Experimental settings

We use the miRNA-disease association dataset described in Method section for computational experiments, and adopt 5-fold cross-validation (5-CV) to evaluate the performances of prediction models. To comprehensively investigate the performances of models, we consider two ways of implementing 5-CV, which have been adopted by related works [16, 17].

  • CV|$_{type}$|⁠: we randomly divide all miRNA-disease associations (up-regulation and down-regulation) into five equal-sized subsets. In each fold, one subset is used for testing, and the remaining four subsets are served as the training set. For each miRNA-disease association in the test set, we try to classify it as up-regulation or down-regulation. This setting tests how accurately the models can classify two deregulation types.

  • CV|$_{triplet}$|⁠: we take all known miRNA-disease-deregulation type triples as positives, and randomly select a fraction of unknown triples as negatives, the size of which is the same as the positive set. Then, we randomly divide all triples into five equal-sized subsets. In each fold, one subset is served as the test set and the rest triples are used for model training. This setting tests how accurately the models can predict novel associations.

In this study, we are more interested in the deregulation type prediction, and treat CV|$_{type}$| as the primary experimental setting. For CV|$_{type}$| and CV|$_{triplet}$|⁠, we calculate several evaluation metrics: the area under the precision-recall curve (AUPR), the area under the ROC curve (AUC), F1, Precision (PR) and Recall (RE).

Parameter setting

In SGNNMD, we empirically set two embedding layers for the GCN, and use a MLP with two output nodes for deregulation type prediction. The cross-entropy loss function with L2 regulation is used to train SGNNMD in an end-to-end manner. For the Adam optimizer, the learning rate is set to |$1\times 10^{-4}$|⁠, and the weight decay is set to |$5\times 10^{-4}$|⁠. SGNNMD has two hyper-parameters: |$h$| the hop number of subgraphs around miRNA-disease pairs, |$k$| the truncation dimension for the shape of the output in the SortPooling layer. The hop number |$h$| determines the number of nodes that can be contained when extracting subgraphs. It should be noted that our miRNA-disease signed graph only has hundreds of nodes. As |$h$| increases, subgraphs will contain more nodes and lead to more similar topological structures, which makes it difficult to obtain the useful information for classifying two types of associations. To verify the viewpoint, we use a quarter of the experimental dataset and test the model performance under different hop numbers.

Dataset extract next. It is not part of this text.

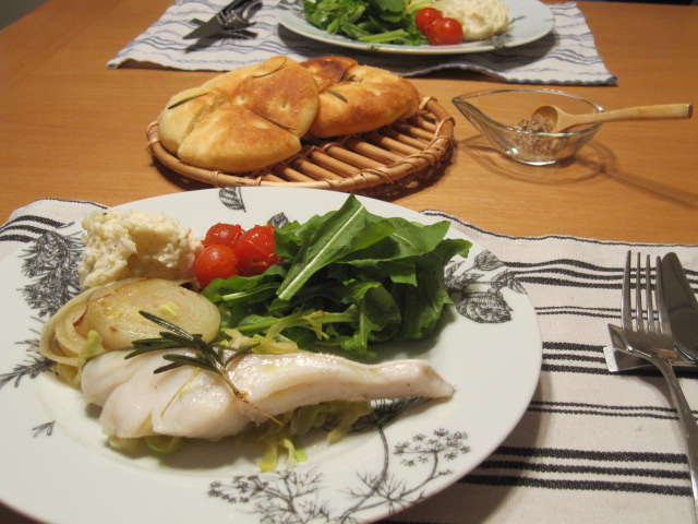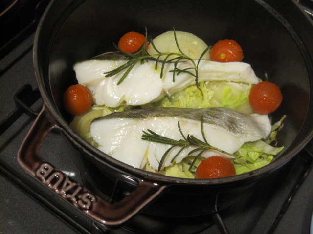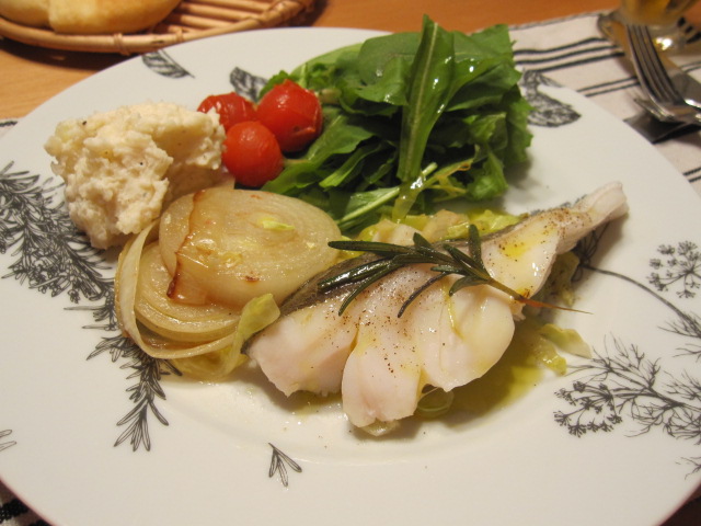オリーブ油を少量ふって、ローズマリーも一緒に蒸し焼き。

The experimental results are shown in Supplementary Table S1. With the increase of the hop number, the performance of SGNNMD will decrease, which is consistent with the conclusion of Zhang’s works [28–30]. Therefore, we set |$h$| to 1 as described in [29]. As shown in Figure 3, SGNNMD produces the robust performances to the parameter |$k$|⁠, and we set |$k$| to 25 in the following computational experiments.

Figure 3

The performance of SGNNMD with different values for the truncation dimension |$k$|⁠.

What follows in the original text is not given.